- Directed by: Slatan Dudow; Richard Groschopp; Kurt Maetzig;
- Written by: Johannes R. Becher Kurt Barthel Ehm Welk
- Produced by: Adolf Fischer
- Starring: Werner Pledath
- Cinematography: Robert Baberske Karl Plintzner Walter Roßkopf
- Edited by: Ilse Voigt
- Music by: Ernst Roters
- Production company: DEFA
- Distributed by: Progress Film
- Release date: 15 September 1950;
- Running time: 98 minutes
- Country: East Germany
- Language: German

= The Benthin Family =

1950 film

Familie Benthin is a 1950 East German film.

==Plot==
Theo and Gustav Benthin are two brothers who operate a smuggling network: Theo, a factory director in East Germany, illegally transfers goods to his brother on the other side of the border, and the latter sells them in West Germany. The two also employ another pair of brothers, Peter and Klaus Naumann. When Theo is caught by the East German police, Gustav can no longer compete in the tough capitalist market without the cheap merchandise from the East and his business collapses. Peter Naumann moves to the Federal Republic, but there he finds only unemployment and eventually joins the French Foreign Legion. Klaus remains in the East and finds a promising job as a steel worker.

==Cast==
- Maly Delschaft - Annemarie Naumann
- Charlotte Ander - Olga Benthin
- Hans-Georg Rudolph - Theo Benthin
- Werner Pledath - Gustav Benthin
- Brigitte Conrad - Ursel Benthin
- Harry Hindemith - Seidel
- Karl-Heinz Deickert - Klaus Neumann
- Ottokar Runze - Peter Naumann

==Production==
The Benthin Family was DEFA's first major "mission film", with a clear, state-directed political message. While a number of pictures presenting narratives hostile to West Germany and to the West had already been made, their budgets had been smaller and state involvement had been on a lower scale.

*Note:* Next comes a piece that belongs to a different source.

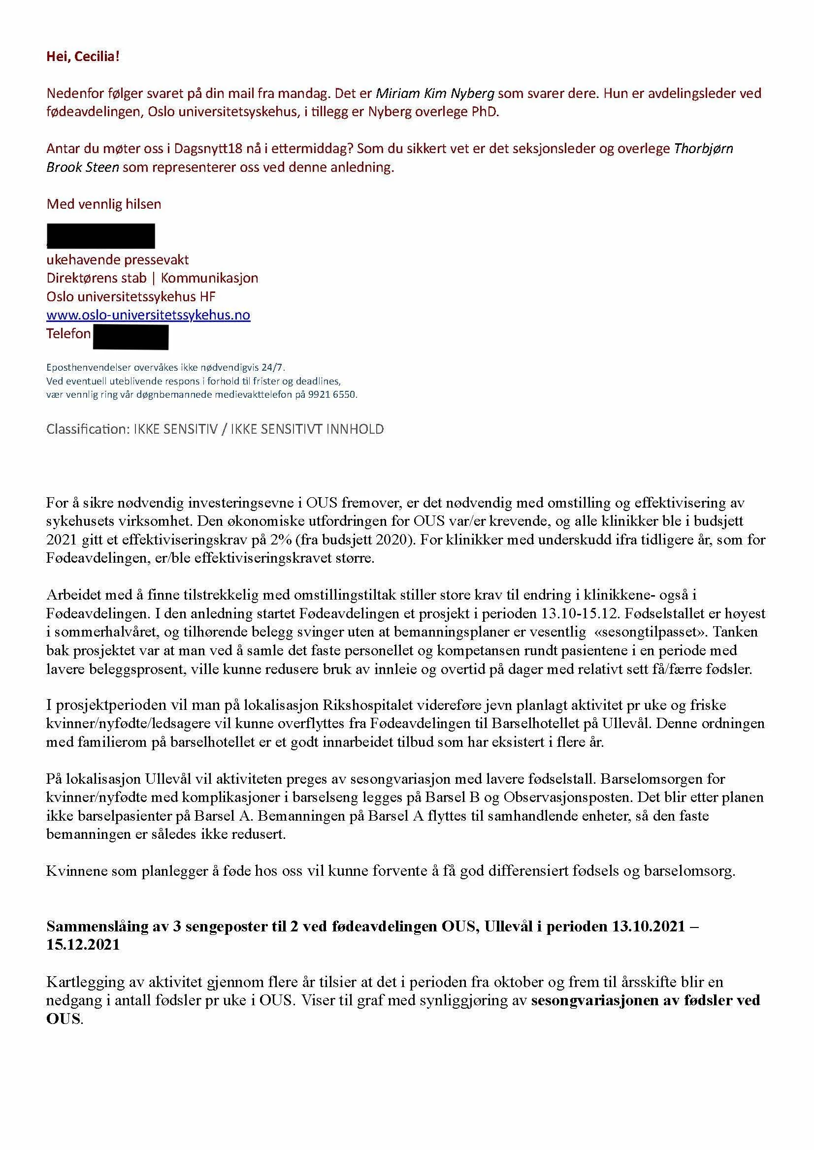(Svarene er skrevet av avdelingsleder ved fødeavdelingen, Oslo universitetssykehus, Miriam Kim Nyberg, og videreformidlet til oss via ukehavende pressevakt, Direktørens stab, OUS. Svarene er som følger:)

Three directors - Slatan Dudow, Richard Groschopp and Kurt Maetzig - were instructed by Socialist Unity Party of Germany to work on the film. Later, none of them was willing to accept responsibility for the outcome.

==Reception==
East German cinema expert Joshua Feinstein wrote that The Benthin Family "...seems to have been an unmitigated disaster." The SED newspaper Neues Deutschland praised the film, noting that "its greatness lies in its realization of the greatness of our life today..." while contrasting them with "the other side... where the West German youth... are processed for service as mercenaries for the imperialists." At 1952, the censure demanded that a scene in which a drunk worker appeared be removed before the film was allowed to be re-screened, since it did not comply with "depicting independent, intelligent members of the proletariat".

The German Film Lexicon defined The Benthin Family as a "SED-commissioned agitation thriller with simplistic good-versus-evil plot... but interesting as a Cold War relic."